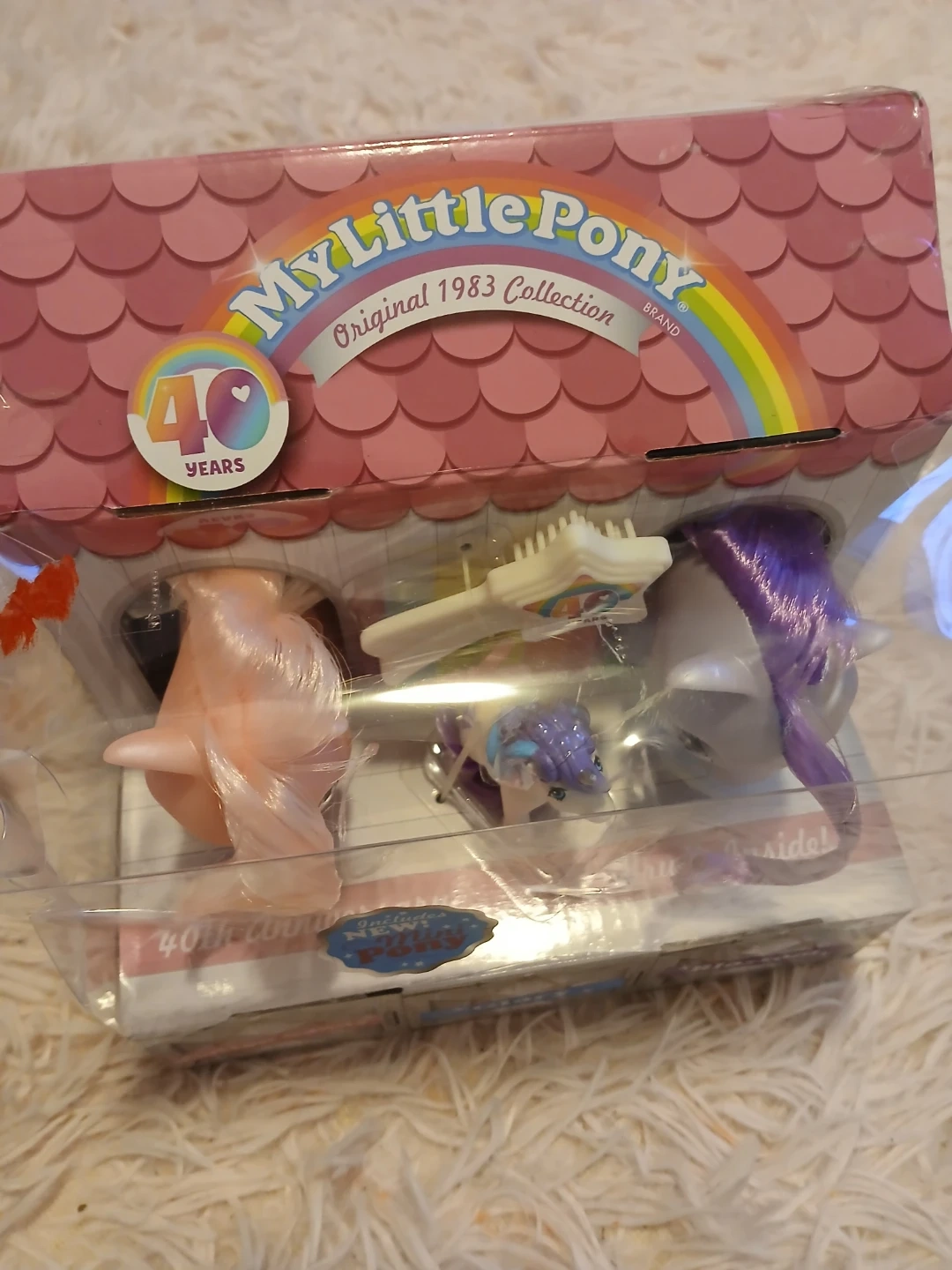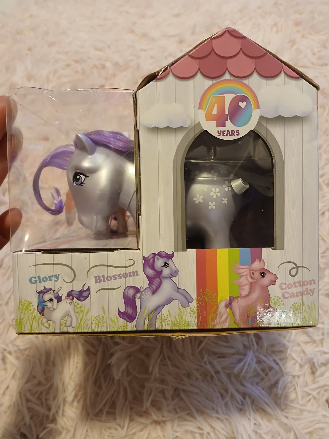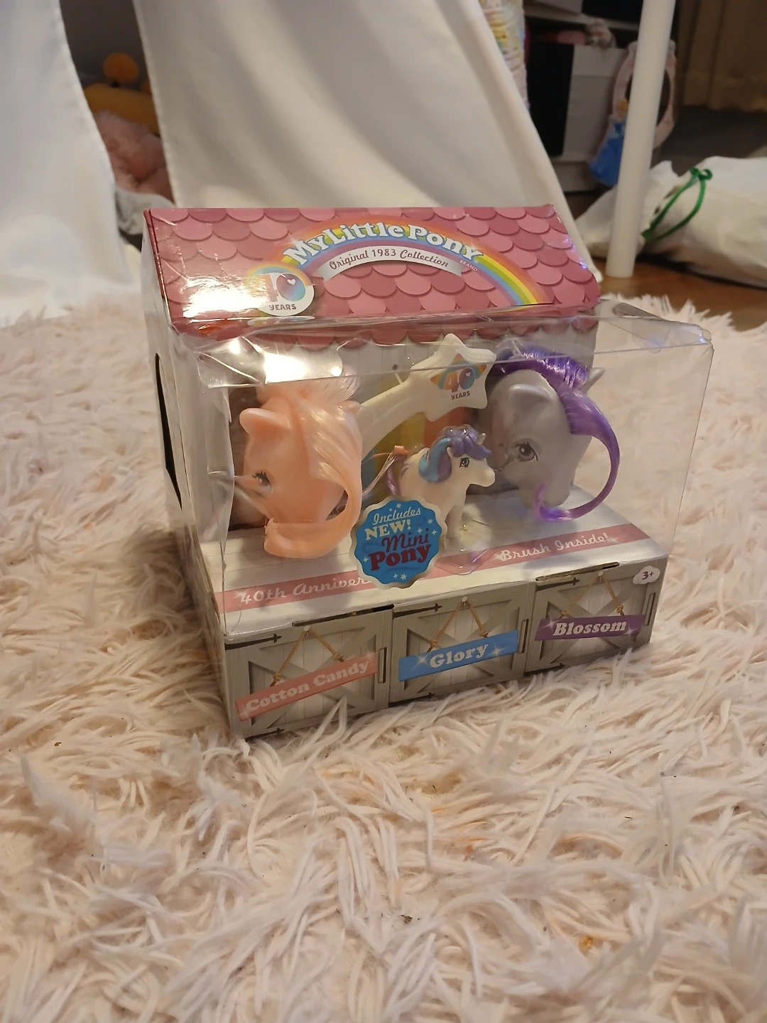 Brand new My Little Pony Original 1983 Collection 40th Anniversary set! This set includes Cotton Candy, Glory, and Blossom ponies. It also includes a mini pony and a brush. The box is included, making it a perfect gift for any My Little Pony fan
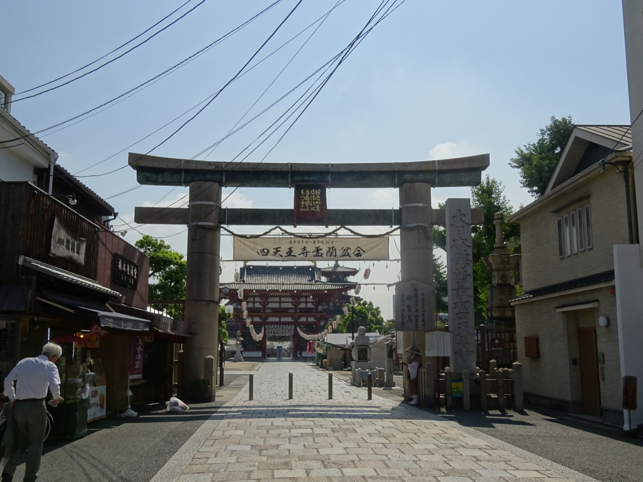 四天王寺は、聖徳太子によって建立された「日本で最初の国立の寺院」です。西門の外側にある石鳥居は、1294年に、別当となった忍性がそれまでの木造鳥居を石造に改めたものだそうです。扁額は1326年の鋳造で、「釈迦如来転法輪処当極楽土東門中心」の文字が記されています。
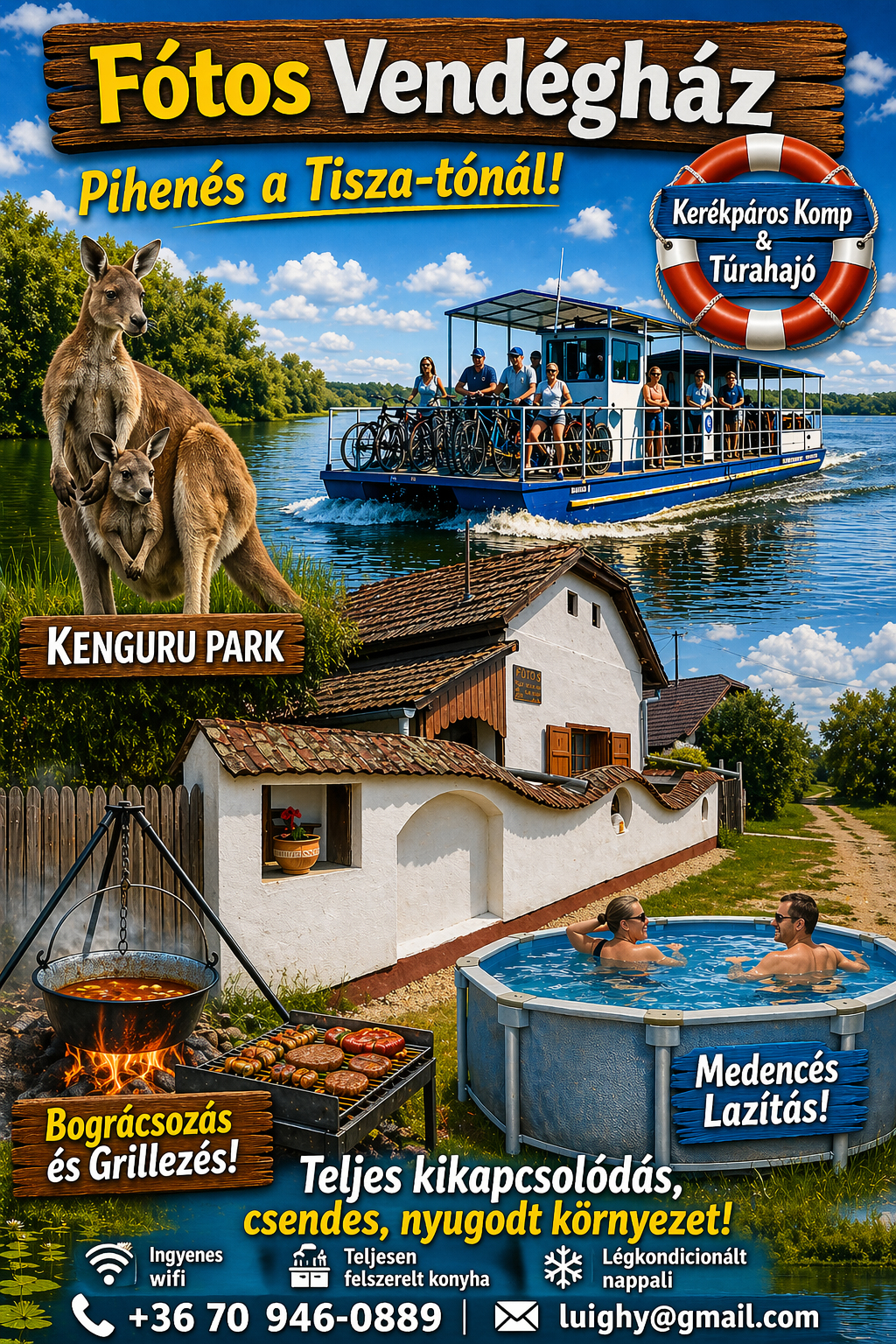 Jellemzők: bababarát, családbarát, felszerelt konyha, internet
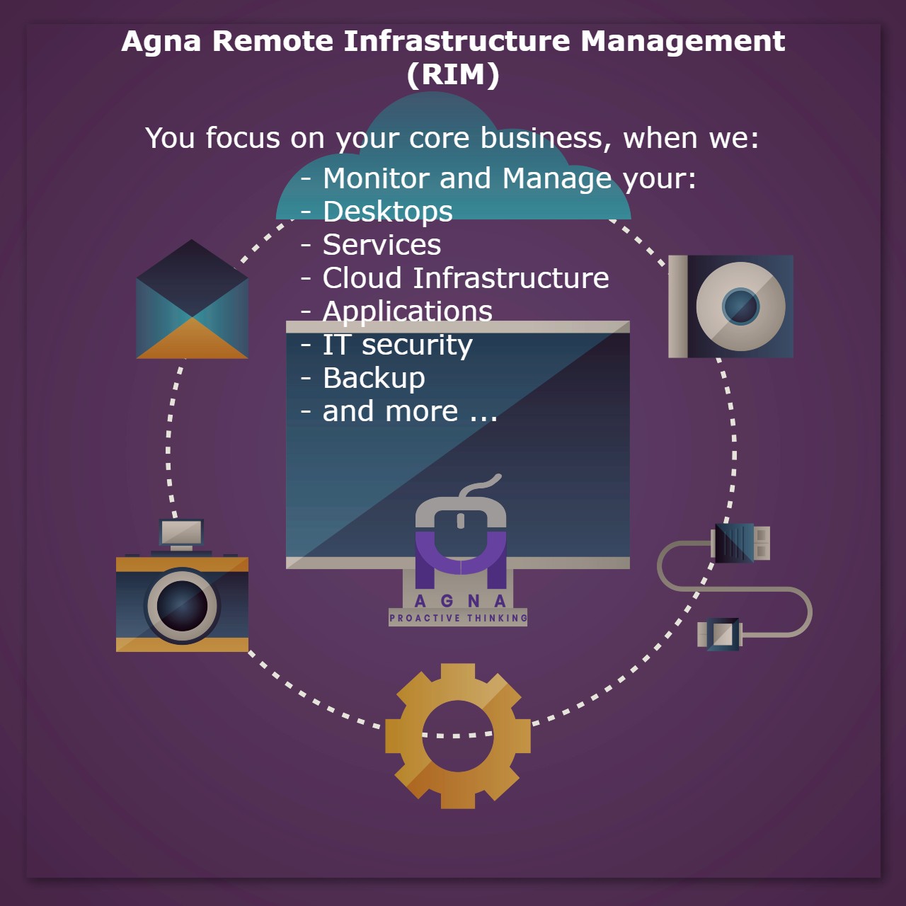 With Agna RIM team as your IT support partner, you just an administrator who can help our team when any physical task is involved in configuring or resolving an issue. Our team does:
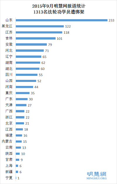 迫害最严重的省(直辖市)是:山东233人,黑龙江122人,江苏省118人,吉林101人,安徽79人,河北71人,辽宁64人;湖南62人,湖北60人,四川55人,山西52人,河南44人,重庆35人,广东30人,天津27人。
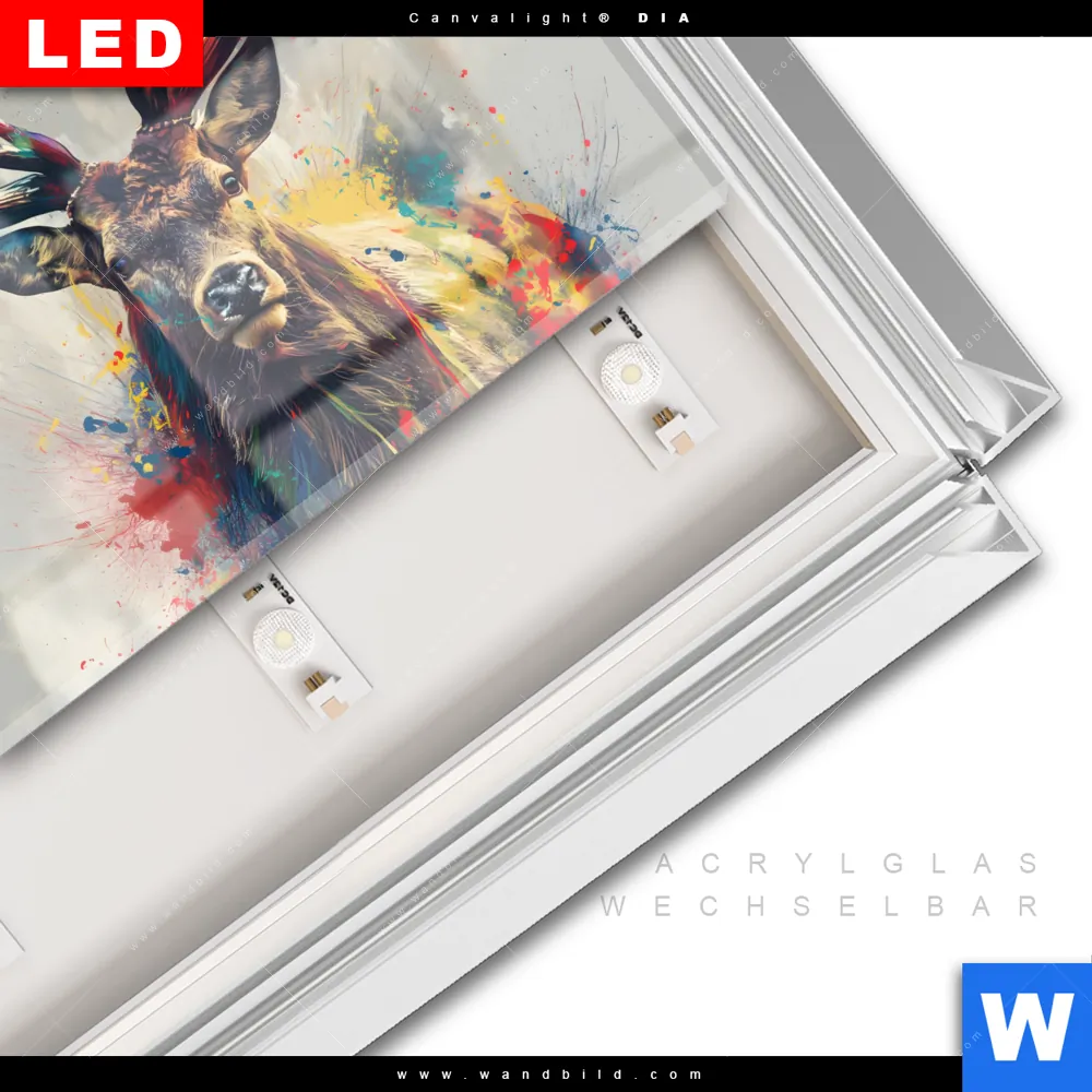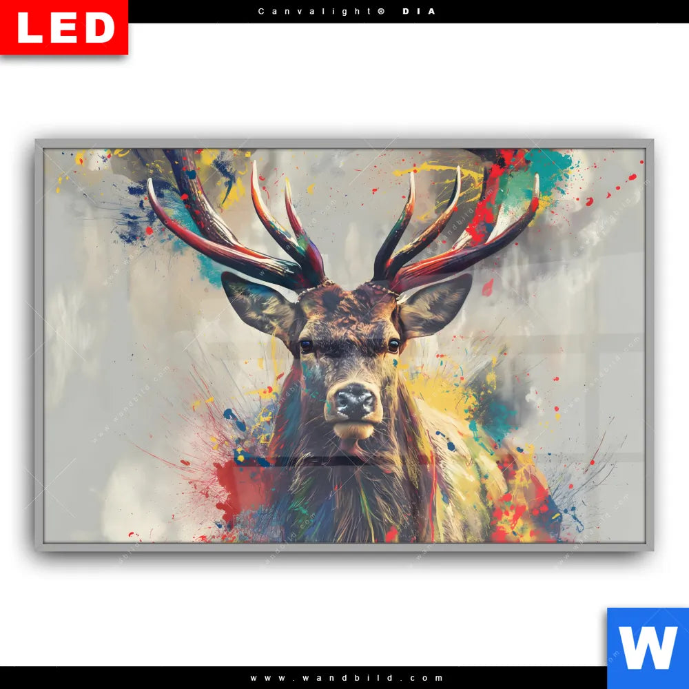 Canvalight® DIA Leuchtbild | Kreativer Hirsch mit Farbspritzern | Querformat
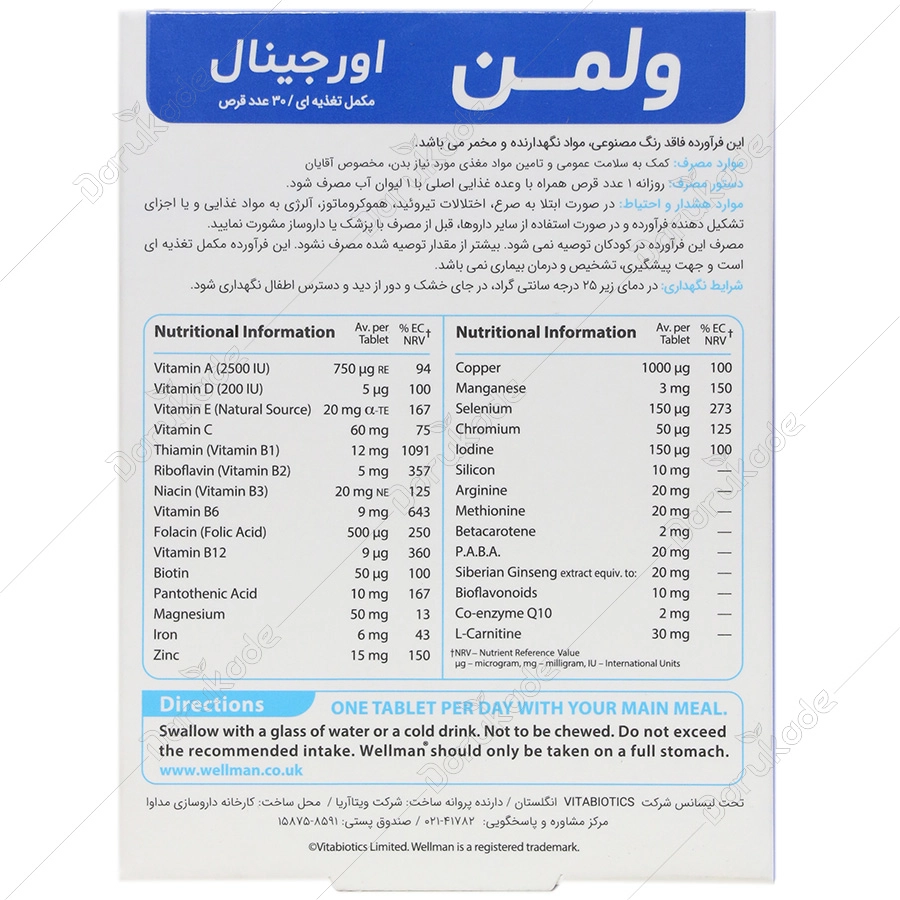 مولتی ویتامین ول من تحت لیسانس شرکت vitabiotics انگلستان، دارنده پروانه ساخت شرکت ویتاآریا محل ساخت کارخانه داروسازی مداوا
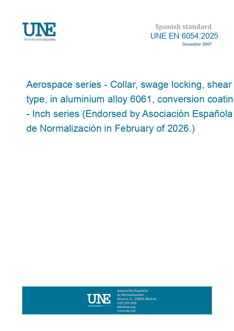 This standard UNE EN 6054:2025 Aerospace series - Collar, swage locking, shear type, in aluminium alloy 6061, conversion coating - Inch series (Endorsed by Asociación Española de Normalización in February of 2026.) is classified in these ICS categories:
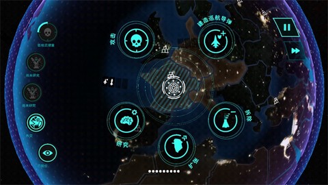 4、点击地球上的其他势力,可进行直接攻击、研究、扩张、拆除及建造导弹等操作;
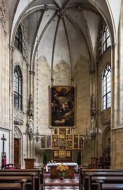 Im Zuge der Liturgiereform im Jahre 1986 wurde der Unterbau des Flügelaltares erneuert und ein Zelebrationsaltar und ein Ambo beigestellt. Der Cuspinianaltar zeigt den Stifter Johannes Cuspinian und seine beiden Gattinnen Agnes und Anna. Es gibt drei Grabdenkmäler zu Erasmus Graf Starhemberg, zu Guidobald Graf Starhemberg und zu Johann Josef Philipp Graf Harrach. Nach dem Tod des letzten österreichisch-ungarischen Monarchen Karl I./IV. hielten am 8. April 1922 die Ritter des Ordens vom Goldenen Vlies einen Trauergottesdienst für ihn in der Deutschordenskirche ab.[2]
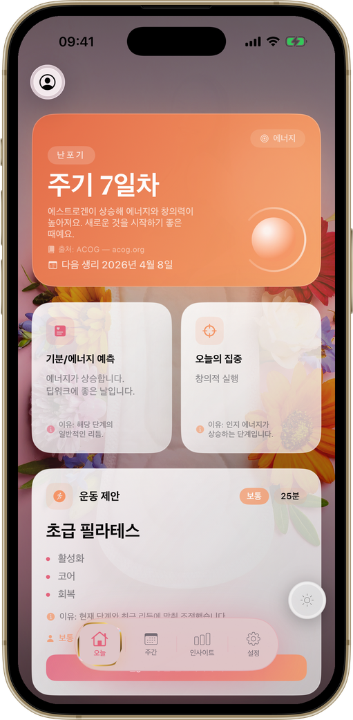 고유한 주기 패턴과 에너지 수준에 맞춰 매일 개인화된 가이드를 제공합니다.

■ ■ ■ ■ ■ ■ ■

- [Work instruction]: Everything from the line with "迫害最严重的省(直辖市)是:山东233人" down to the line with "مولتی ویتامین ول" in the data above should be copied exactly, with both end lines kept and the pictures left out.

- [Result]:
 迫害最严重的省(直辖市)是:山东233人,黑龙江122人,江苏省118人,吉林101人,安徽79人,河北71人,辽宁64人;湖南62人,湖北60人,四川55人,山西52人,河南44人,重庆35人,广东30人,天津27人。
 Canvalight® DIA Leuchtbild | Kreativer Hirsch mit Farbspritzern | Querformat
 مولتی ویتامین ول من تحت لیسانس شرکت vitabiotics انگلستان، دارنده پروانه ساخت شرکت ویتاآریا محل ساخت کارخانه داروسازی مداوا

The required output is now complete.